Hiroshima Survivor Who Hugged Obama Dies at 88

TOKYO – Shigeaki Mori, the Japanese historian who survived the atomic bombing of Hiroshima and gained worldwide recognition when President Barack Obama embraced him during a landmark 2016 visit, has passed away at age 88.

Mori was just 8 years old in 1937 when he lived through the devastating August 6, 1945 atomic blast while located just 1½ miles from ground zero. Three decades later, he discovered a tragic irony – American prisoners of war detained in Japan had also perished in the bombing carried out by their own nation.

While maintaining his regular job at a company, Mori dedicated himself to investigating both American and Japanese government records. Through his painstaking research, he identified 12 American POWs who died in the attack and reached out to their grieving families in the United States, many of whom had never learned the circumstances of their relatives’ deaths.

The atomic strike on Hiroshima immediately leveled the city and claimed tens of thousands of lives. By year’s end, the death count reached 140,000. The subsequent bombing of Nagasaki resulted in another 70,000 fatalities.

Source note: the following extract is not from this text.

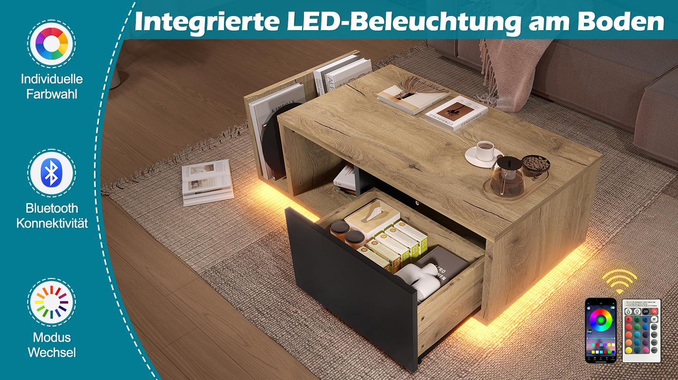 Table basse en bois - 99.5 x 53 x 38 cm - avec 1 tiroir + étagère + Leds - bois - naturel

In 2008, Mori published his findings in a Japanese book titled “The Secret of the American POWs Killed by the Atomic Bomb.” The work earned him the distinguished Kikuchi Kan Prize and was subsequently published in English translation.

According to the English edition’s publishers, Mori passed away on Sunday. Japanese news outlets confirmed he died at a hospital in Hiroshima.

His decades of investigation ultimately resulted in official U.S. acknowledgment of the 12 American servicemen’s deaths in the bombing.

“The research I spent more than 40 years was not about people from the enemy country. It was about human beings,” Mori reflected in later years.

When Obama made history in 2016 as the first sitting U.S. president to visit Hiroshima’s Peace Memorial Park, he referenced “a dozen Americans held prisoner” among the bombing victims in his address. Obama praised Mori for reaching out to the American families, recognizing that their grief matched his own experience, and concluded their meeting with an emotional embrace.